"You see, they used to have things called Laundromats," Two said.
"Laundromats?"
"Yeah, womens would come and wash their clothes, their shirts, their pants, their skirts and yeah, they'd also wash other things. Soft things... bras and mmm, panties."
"Bras and panties too?"
"Exactly," Two replied. "Yeah, all you had to do was watch, be quick and you could get one. Bras were nice, panties better."
"How would you do that?"
"It was easy, you act like you got something in a machine and when they go into their purse to pay the money you run like hell, grab something white and frilly and run like hell."
"They ever catch you?"
"Hell no, all they'd do is scream and get the hell out of the way. They was more worried about their money or phone, they'd leave the real prize out for pickin'."
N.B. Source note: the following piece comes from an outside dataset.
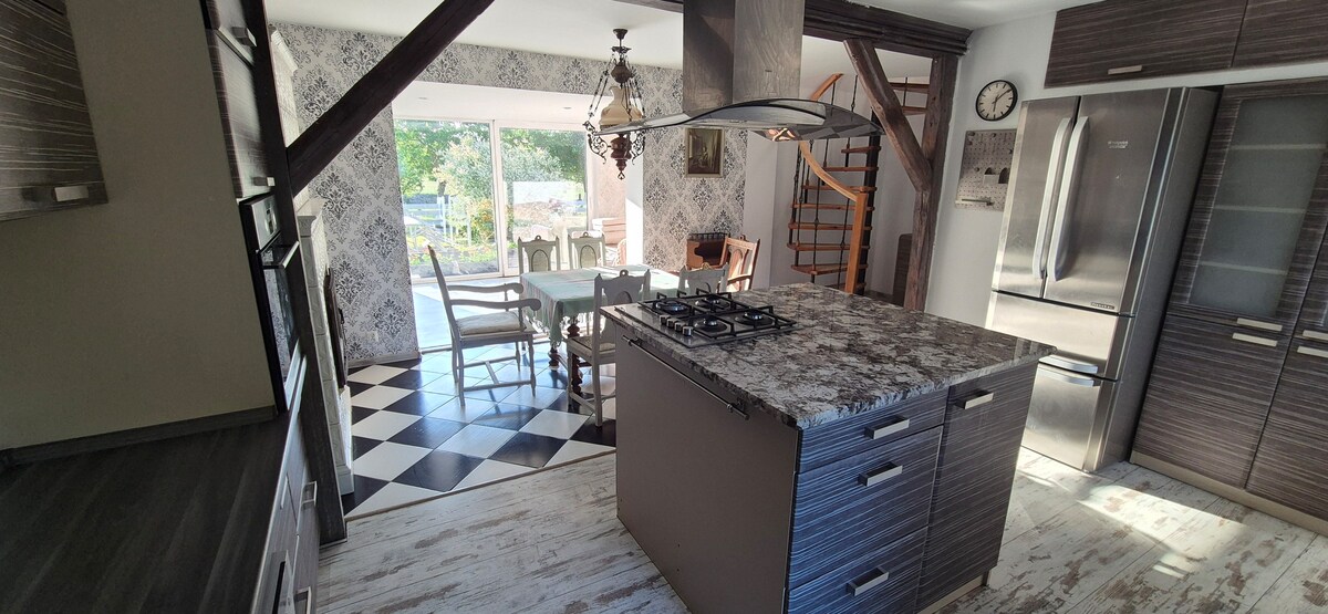 Longe da cidade grande, o nosso "Farmer 's Cottage" está localizado em um terreno pitoresco na orla da reserva florestal "Wiejkowski las". Aqui você pode experimentar a paz completa e a natureza pura! Um passeio pela floresta, passando por vários pântanos e lagos, relaxando lendo um livro perto da lareira ou uma viagem ao Mar Báltico? Tudo isto e muito mais é o que pode esperar aqui!

"And they were real live bras and..."
"Oh yea, real live... ok the bras were nice but the panties, the panties man you could smell them. You pull one over your head and you could take a deep breath of poontang," Two moaned.
"You could really smell?"
"Yeah, not like today where the women wear these edible things and then just as they get smelling real nice they go home, pull them off and feed them to their mate. It's like dinner now. But back then you could find some with a real crusty spot, scratch on it and you'll smell her good. And the taste, oh man tasting that dried poontang juice and it's just like eating her out."
"Damn, why don't they do that now Two?"
"Do what?"
"Wear those things?"
"Technology man, it's taken all the fun out of it. You know don't even get to smell or taste, it's all like digital man."
"Yea, I heard about that. But you sayin' nobody..."
"Nope, even the poor folk don't. Not since 'bamacare approved it all. No instead of fucking, eating, or sucking they get out their dee-vizes and hook up. They watch each other on the screen as they feel what the other's doin'."
"Howze that work?"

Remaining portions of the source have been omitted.